Commit 7759eb23fd98 ("block: remove bio_rewind_iter()") removes
the similar API because the following reasons:

    ```
    It is pointed that bio_rewind_iter() is one very bad API[1]:

    1) bio size may not be restored after rewinding

    2) it causes some bogus change, such as 5151842b9d8732 (block: reset
    bi_iter.bi_done after splitting bio)

    3) rewinding really makes things complicated wrt. bio splitting

    4) unnecessary updating of .bi_done in fast path

    [1] https://marc.info/?t=153549924200005&r=1&w=2

    So this patch takes Kent's suggestion to restore one bio into its original
    state via saving bio iterator(struct bvec_iter) in bio_integrity_prep(),
    given now bio_rewind_iter() is only used by bio integrity code.
    ```

However, saving off a copy of the 32 bytes bio->bi_iter in case rewind
needed isn't efficient because it bloats per-bio-data for what is an
unlikely case.

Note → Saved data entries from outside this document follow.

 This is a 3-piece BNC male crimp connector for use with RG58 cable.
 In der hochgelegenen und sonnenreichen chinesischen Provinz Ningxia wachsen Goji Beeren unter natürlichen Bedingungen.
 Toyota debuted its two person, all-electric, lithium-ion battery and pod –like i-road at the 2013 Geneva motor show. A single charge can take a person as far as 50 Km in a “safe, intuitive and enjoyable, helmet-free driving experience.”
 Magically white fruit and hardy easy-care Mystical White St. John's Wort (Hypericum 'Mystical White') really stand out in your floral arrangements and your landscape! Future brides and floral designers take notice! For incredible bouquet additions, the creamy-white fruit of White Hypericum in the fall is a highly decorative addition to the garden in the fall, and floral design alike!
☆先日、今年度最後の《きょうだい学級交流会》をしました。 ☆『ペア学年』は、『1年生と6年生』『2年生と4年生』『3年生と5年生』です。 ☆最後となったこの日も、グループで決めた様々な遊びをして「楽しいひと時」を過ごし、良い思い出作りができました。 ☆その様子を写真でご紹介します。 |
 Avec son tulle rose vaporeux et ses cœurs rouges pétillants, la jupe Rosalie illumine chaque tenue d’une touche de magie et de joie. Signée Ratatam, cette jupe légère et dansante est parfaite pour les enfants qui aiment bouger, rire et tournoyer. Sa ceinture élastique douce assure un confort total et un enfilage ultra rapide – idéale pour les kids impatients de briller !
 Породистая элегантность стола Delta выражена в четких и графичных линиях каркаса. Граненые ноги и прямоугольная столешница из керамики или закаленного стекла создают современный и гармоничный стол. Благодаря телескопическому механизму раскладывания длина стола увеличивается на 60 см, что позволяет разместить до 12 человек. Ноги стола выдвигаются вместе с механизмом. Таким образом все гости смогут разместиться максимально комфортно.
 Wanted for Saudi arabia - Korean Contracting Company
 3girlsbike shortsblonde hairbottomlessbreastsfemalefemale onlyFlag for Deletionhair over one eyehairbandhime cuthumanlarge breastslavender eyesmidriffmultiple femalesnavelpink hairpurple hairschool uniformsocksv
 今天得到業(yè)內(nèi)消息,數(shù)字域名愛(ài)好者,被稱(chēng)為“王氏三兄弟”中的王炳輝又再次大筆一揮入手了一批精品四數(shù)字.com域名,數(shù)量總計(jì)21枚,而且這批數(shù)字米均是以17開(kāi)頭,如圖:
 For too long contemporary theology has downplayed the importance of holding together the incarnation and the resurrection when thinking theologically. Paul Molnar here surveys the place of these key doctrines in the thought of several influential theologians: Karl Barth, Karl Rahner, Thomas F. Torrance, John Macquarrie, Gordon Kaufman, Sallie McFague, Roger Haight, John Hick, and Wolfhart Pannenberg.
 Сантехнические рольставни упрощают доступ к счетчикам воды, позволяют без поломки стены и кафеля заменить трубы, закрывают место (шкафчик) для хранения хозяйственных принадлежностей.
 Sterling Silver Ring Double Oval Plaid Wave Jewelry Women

That suggestion also ignores the need to restore
crypto and integrity info.

Add bio_rewind() API for a specific use-case that is much more narrow
than the previous more generic rewind code that was reverted:

1) most bios have a fixed end sector since bio split is done from front
   of the bio, if driver just records how many sectors between current
   bio's start sector and the original bio's end sector, the original
   position can be restored. Keeping the original bio's end sector
   fixed is a _hard_ requirement for this bio_rewind() interface!

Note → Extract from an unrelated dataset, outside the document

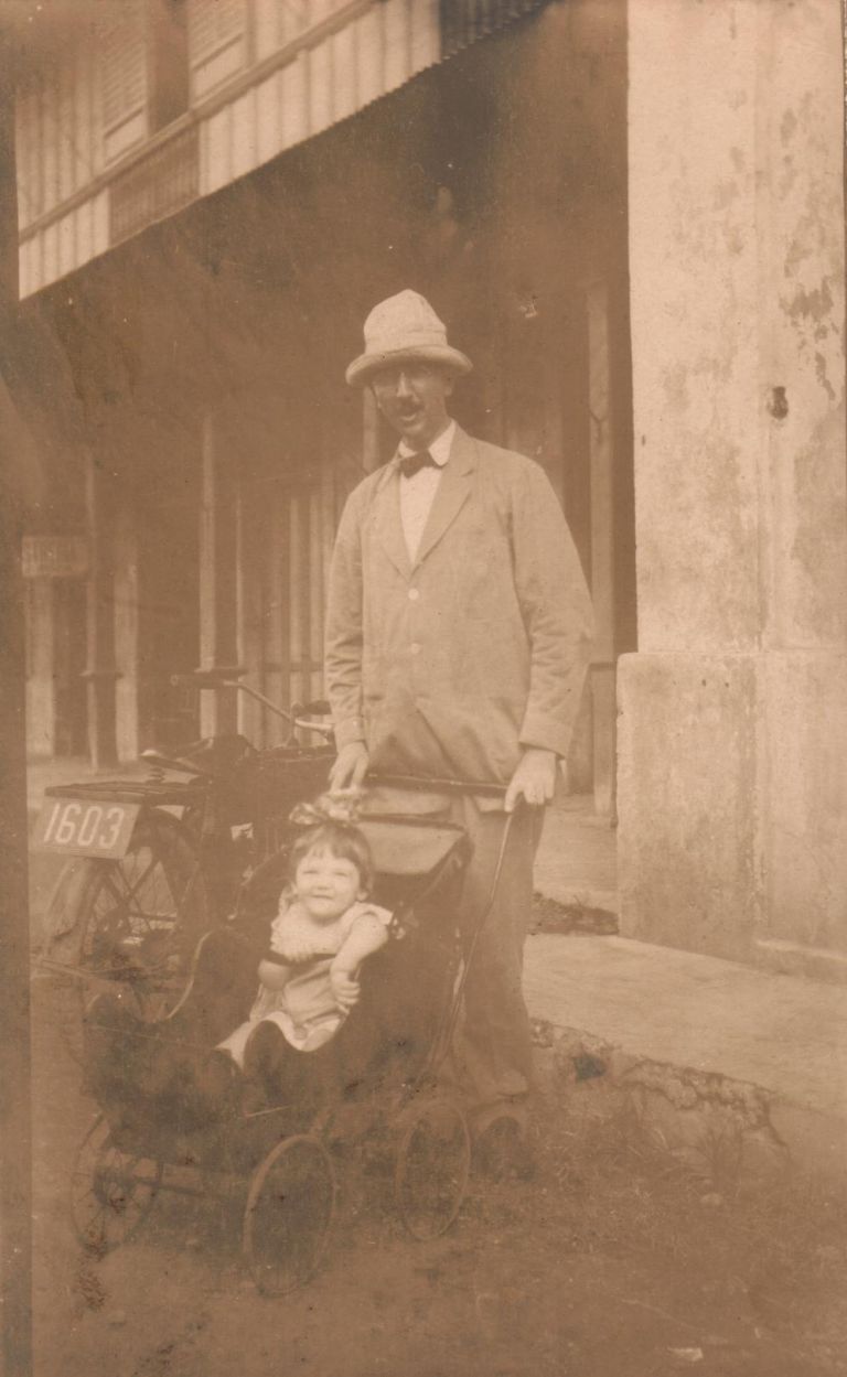 Subject: A man pushes a baby stroller next to a motorcycle. The capiz-shell windows indicate this was taken in the Philippines. No caption and no explanation how this relates to the Thurlow/Fournier f

2) if a bio's end sector won't change (usually bio_trim() isn't
   called, or in the case of DM it preserves original bio), user can
   restore original position by the storing sector offset from the
   current ->bi_iter.bi_sector to bio's end sector; together with
   saving bio size, only 8 bytes is needed to restore to original
   bio.

3) DM's requeue use case: when BLK_STS_DM_REQUEUE happens, DM core
   needs to restore to an "original bio" which represents the current
   dm_io to be requeued (which may be a subset of the original bio).
   By storing the sector offset from the original bio's end sector and
   dm_io's size, bio_rewind() can restore such original bio. See
   commit 7dd76d1feec7 ("dm: improve bio splitting and associated IO
   accounting") for more details on how DM does this. Leveraging this,
   allows DM core to shift the need for bio cloning from bio-split
   time (during IO submission) to the less likely BLK_STS_DM_REQUEUE
   handling (after IO completes with that error).

4) Unlike the original rewind API, bio_rewind() doesn't add .bi_done
   to bvec_iter and there is no effect on the fast path.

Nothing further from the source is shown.